Hi!  I was wondering if anyone could give me a little info on homebrew antennas.  

I love building antennas!  I like the idea of homebrew equipment, but at this point in my life, I am not comfortable building complex equipment..  Antenna building is fairly simple with measurements and tuning probably being the most complex aspects.

Now, on to my questions:

How can I determine a safe usable maximum power for a homebrew antenna?

What are the factors which influence the max power that an antenna can handle?  I know wire gauge is a major factor, but I don't know what sizes will handle what amount of power.

Thanks and 73,

-Rich - N3WWN

Posts: 13026

« Reply #1 on: April 05, 2001, 04:20:15 PM »

There are several factors which limit the power an antenna can
handle.  For a wire dipole, you can assume a 50 ohm feedpoint and
calculate the current as a function of the power using Ohm's law.
For example, 100 watts results in around 1.4 amps on the wire.
The ARRL handbook has a table of the maximum current carrying
capacity for different wire sizes - I don't have it handy, but use the
value for free air.

Since most wire antennas will have a radiation resistance higher
than 50 ohms, the wire size you calculate for a dipole will be on the
safe side for longwires, quads, etc.  The only exceptions would be
some wire yagis and small loops (and other high-Q antennas),
which can have a  much lower radiation resistance.  These
antennas need larger conductors for reasonable efficiency, and this
will probably limit the use of small wire for these antennas anyway.
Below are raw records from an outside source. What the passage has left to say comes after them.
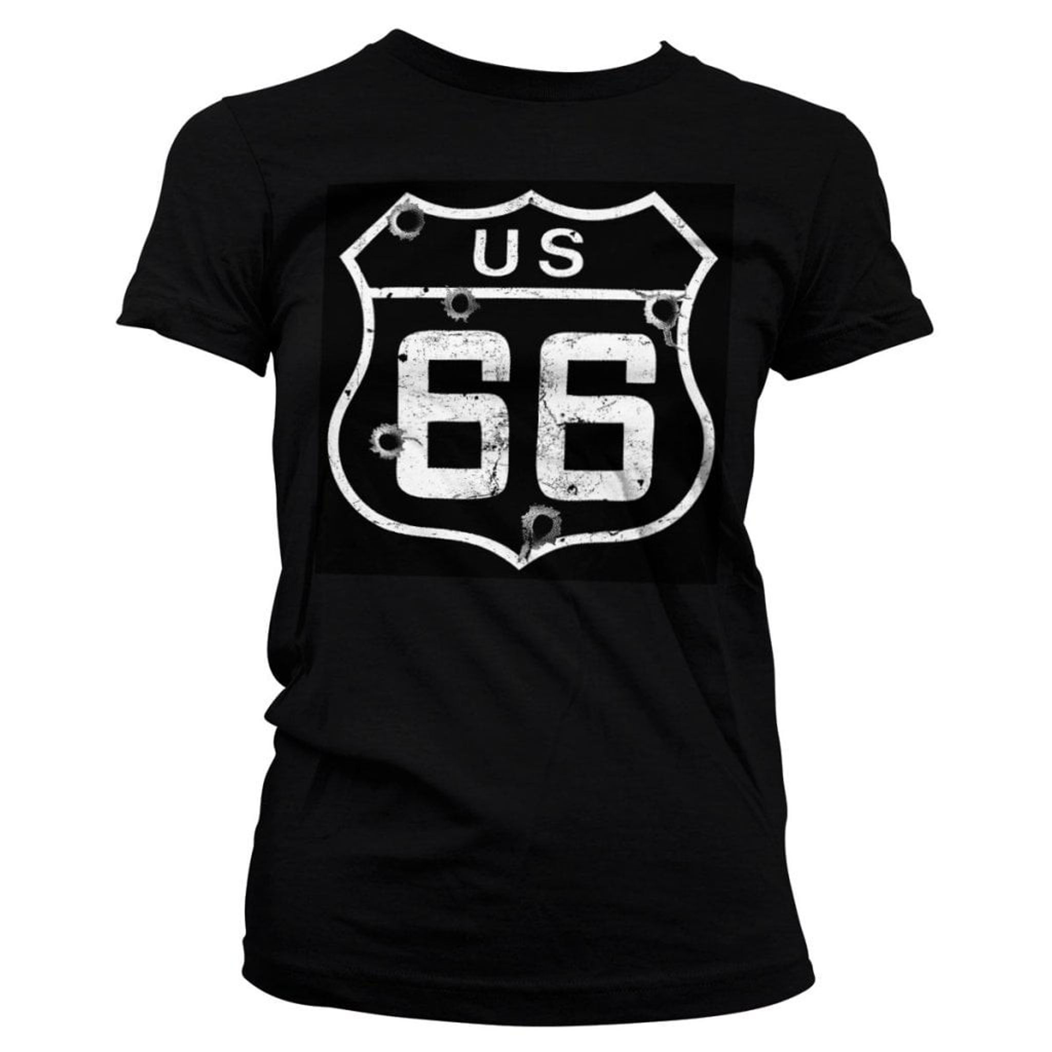 Har du alltid drömt om att se tuff och cool ut samtidigt som du bär på historien om den ikoniska Route 66? Då är den här T-shirten perfekt för dig! Med en skottskadad och sliten Route 66-logotyp tryckt på bröstet kan du visa upp ditt mod och din kärlek till den legendariska vägen.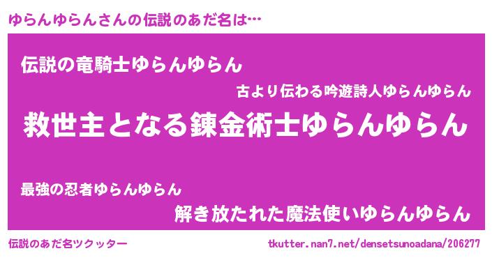 ポケモン風あだ名 | 『ユックウザ』『ユラチュウ』 |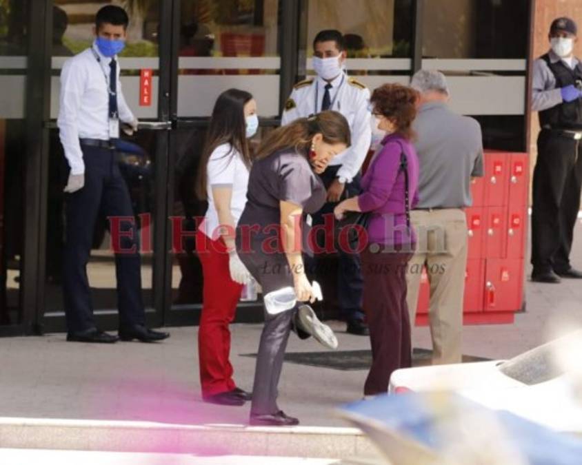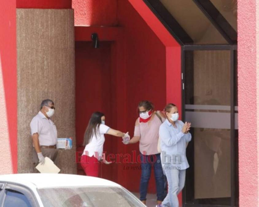 Por eso, cada hondureño que ingrese a las sucursales debe desinfectar sus zapatos, manos y ropa. Fotos: Emilio Flores| Alejandro Amador| EL HERALDO 26/03/2020 - 00:006 / 14 -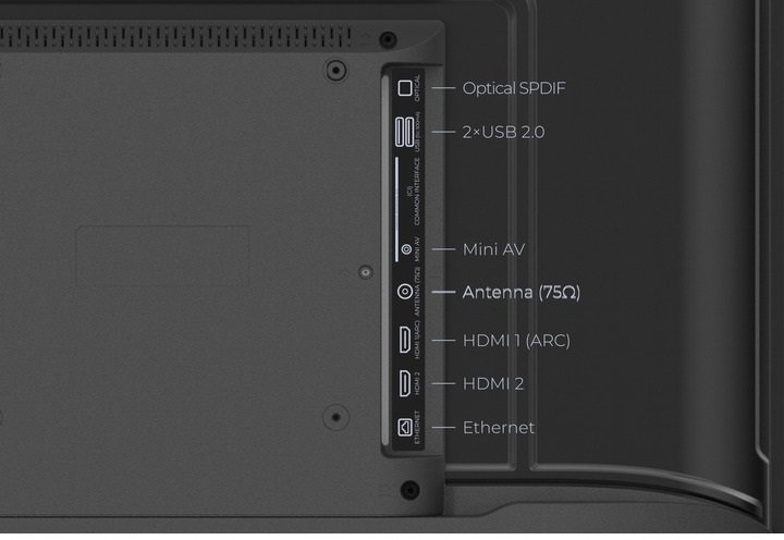 Для підключення доступні два порти HDMI, два USB 2.0, Wi-Fi (5 ГГц) і Bluetooth 5.1. Вбудовані тюнери DVB-T/T2/C/C2 дозволяють приймати ефірне та кабельне цифрове телебачення.

The next thing to consider is the voltage gradiant at the ends of
the antenna.  The higher the power (and the higher the Q of the
antenna) the higher the voltage at the ends.  There are two
conditions to be concerned with.  The first is the insulation between
the end of the wire and surrounding conductors.  For most antennas
at the 100 watt level, only a small insulator is needed, and, in most
cases, a length of synthetic rope will suffice.  But relying on the
wire insulation alone may no be enough.  The other condition is
corona discharge from sharp ends ons the antenna - generally this
is not a problem at amateur power levels, but it can happen,
particularly at high altitudes and with sharp ends on a high-Q
antena.  The solution is to use rounded ends or plates on the ends
of the elements to spread out the charge.

One remaining possible power limitation is the dielectric strength
of the insulating materials used to build the antenna.  I've heard
stories of loading coils wound on PVC pipe which melt at high
power, for example.  (This is highly dependent on the additives
in the specific piece of pipe being used.)

You can estimate the voltage across the feedpoint using the
feedpoint impedance and ohm's law.  Again, presuming 100 watts
and a 2000 ohm feedpoint impedance (such as a center fed full
wave dipole) this is several hundred volts, which only requires a
small insulator.

Antenna traps containing a capacitor will have a power limit
which is dependent on the voltage rating of the capacitor (and, in
some cases, the maximum current that the capacitor can pass.)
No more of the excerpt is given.